What would settle it
Obtaining a different ranking of the five methods when the identical procedures are applied to temperature data recorded from a different set of engines or under altered operating conditions.
Figures
read the original abstract
Effective prognostics and health management of modern engines relies on accurate turbine gas temperature predictions and robust uncertainty quantification to ensure reliability and safety. This paper investigates five major approaches for constructing prediction intervals -- namely the Delta method, Bayesian Monte Carlo Dropout, Bootstrap method, Lower-Upper Bound Estimation, and Mean-Variance Estimation -- as a means of capturing the uncertainty in neural network predictions of turbine gas temperature. Each approach is implemented within a unified experimental framework that employs cross-validation for hyperparameter selection, repeated train-test splits for performance robustness, and multiple metrics to evaluate both the accuracy and tightness of the intervals. In particular, Coverage Probability, Normalized Mean Prediction Interval Width, and the Coverage Width-based Criterion are measured to comprehensively assess each method's reliability and sharpness. Experiments conducted on a representative turbine gas temperature dataset reveal distinct trade-offs among the five methods in terms of interval coverage, width, and stability. These findings provide a practical guide for selecting and tuning prediction interval methods in engine health management and prognostics, ensuring both interpretability and precision in real-world applications.
Editorial analysis
A structured set of objections, weighed in public.
Referee Report
Summary. The paper benchmarks five uncertainty quantification methods (Delta method, Bayesian Monte Carlo Dropout, Bootstrap, Lower-Upper Bound Estimation, and Mean-Variance Estimation) for neural network predictions of turbine gas temperature degradation. It implements each within a unified experimental framework using cross-validation for hyperparameter selection, repeated train-test splits for robustness, and evaluates them via Coverage Probability, Normalized Mean Prediction Interval Width, and Coverage Width-based Criterion on a representative dataset, identifying distinct trade-offs in coverage, width, and stability to guide selection in engine health management.

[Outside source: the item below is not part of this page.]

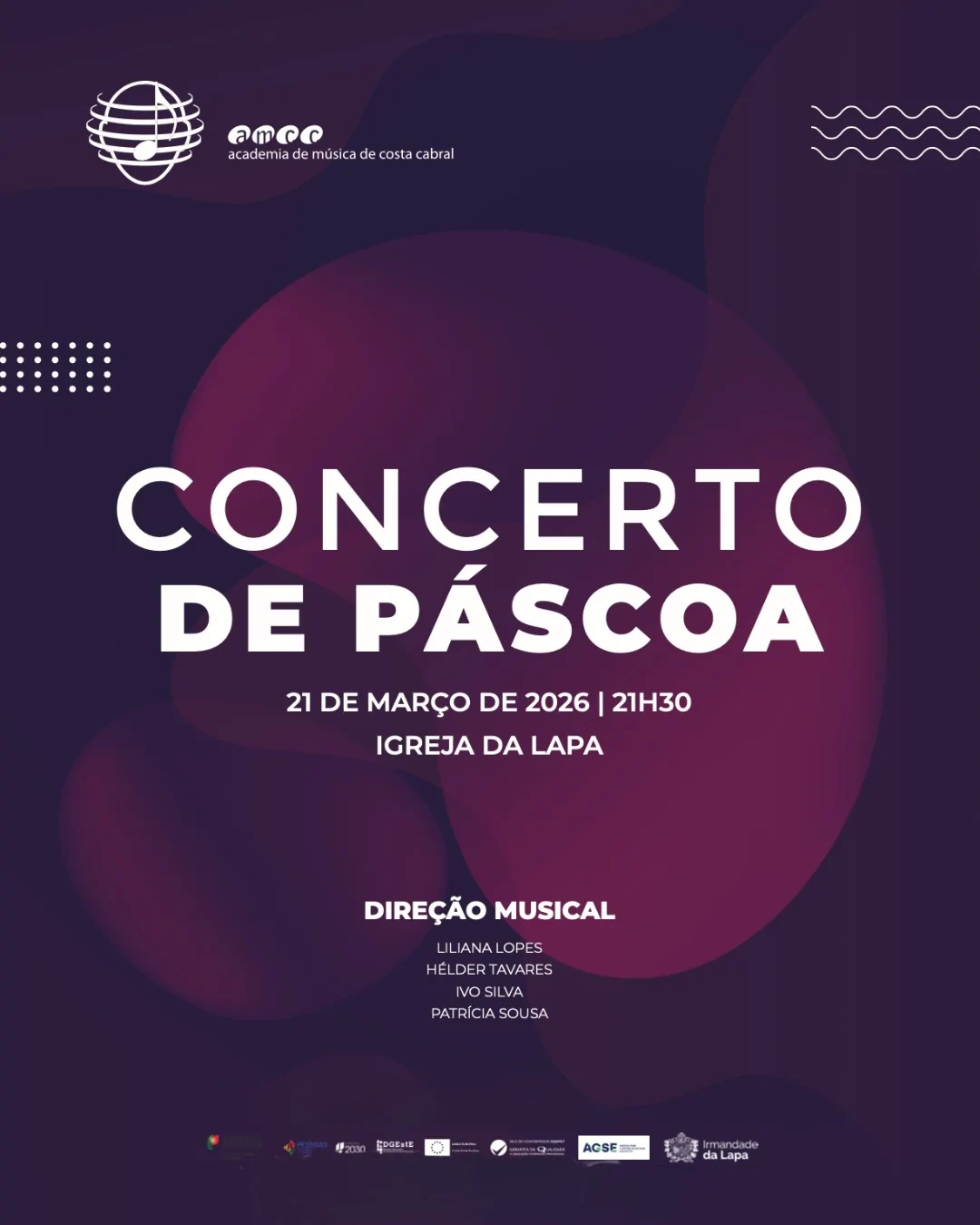 A Igreja da Lapa será palco do Concerto Solidário de Páscoa da Academia de Música de Costa Cabral. Uma noite que dará destaque ao talento e à dedicação dos jovens músicos, expressão viva de futuro e esperança. Durante o concerto será realizada uma recolha de bens higiene pessoal (fraldas para adultos e crianças, gel de banho, pasta dentífrica, creme hidratante, desodorizante, entre outros). 𝐎𝐬 𝐛𝐞𝐧𝐬 𝐫𝐞𝐜𝐨𝐥𝐡𝐢𝐝𝐨𝐬 𝐫𝐞𝐯𝐞𝐫𝐭𝐞𝐦 𝐚 𝐟𝐚𝐯𝐨𝐫 𝐝𝐚 𝐂𝐨𝐧𝐟𝐞𝐫𝐞̂𝐧𝐜𝐢𝐚 𝐕𝐢𝐜𝐞𝐧𝐭𝐢𝐧𝐚 𝐝𝐞 𝐒. 𝐉𝐨𝐬𝐞́ 𝐝𝐚 𝐋𝐚𝐩𝐚.

Significance. If the empirical comparisons hold, the work offers a practical, reproducible guide for UQ method selection in safety-critical prognostics, where interval reliability and sharpness directly impact reliability assessments. The unified framework with repeated splits and multiple complementary metrics (PICP, NMPIW, CWC) is a clear strength, as is the focus on a domain-specific dataset; these elements support falsifiable, actionable findings rather than isolated method claims.
minor comments (3)
- [Abstract, §1] Abstract and §1: the claim of 'distinct trade-offs' would be strengthened by including one or two key quantitative results (e.g., specific PICP/NMPIW values or rankings) rather than remaining purely qualitative.
- [§3, §4] The manuscript should explicitly state the neural network architecture, training hyperparameters, and any data preprocessing steps used across all methods to ensure full reproducibility of the unified framework.
- [Figures 3-5] Figure captions and axis labels for the trade-off plots should include the exact number of repeated splits and the dataset size to allow readers to assess statistical stability without returning to the text.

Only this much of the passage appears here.